Have a question about this project? Sign up for a free GitHub account to open an issue and contact its maintainers and the community.

By clicking “Sign up for GitHub”, you agree to our terms of service and privacy statement. We’ll occasionally send you account related emails.

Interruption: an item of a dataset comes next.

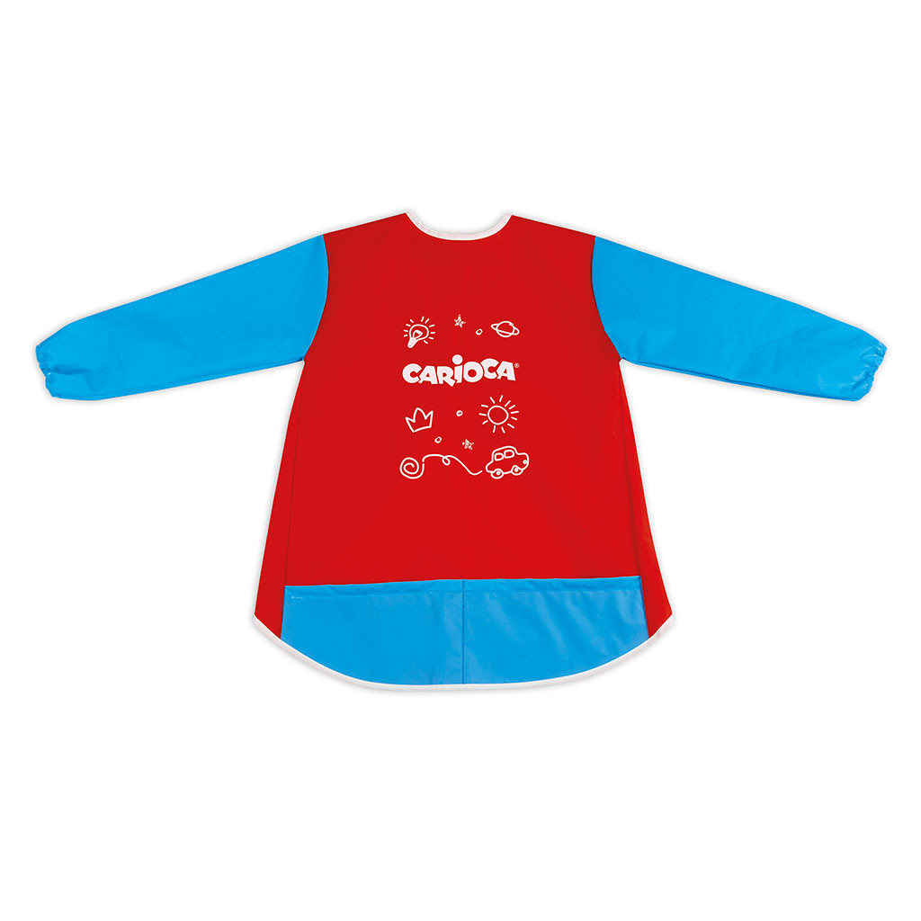 Nepromokavá zástěra s dlouhými rukávy a kapsami pro děti od 2-4 let má nastavitelné zapínání na suchý zip. Na zástěře je místo k napsání jména, aby každé dítě mělo tu svou. Dá se pohodlně prát v pračce na 30 °C.

Already on GitHub? Sign in to your account

encoding/json: length greater than capacity in backtrace in unquoteBytes crash #34292

Open
raokrutarth opened this issue Sep 13, 2019 · 7 comments

Comments

@raokrutarth
Copy link

commented Sep 13, 2019

What version of Go are you using (go version)?

go 1.11

Does this issue reproduce with the latest release?

Not clear. Unable to reproduce issue with same release as well.

What operating system and processor architecture are you using (go env)?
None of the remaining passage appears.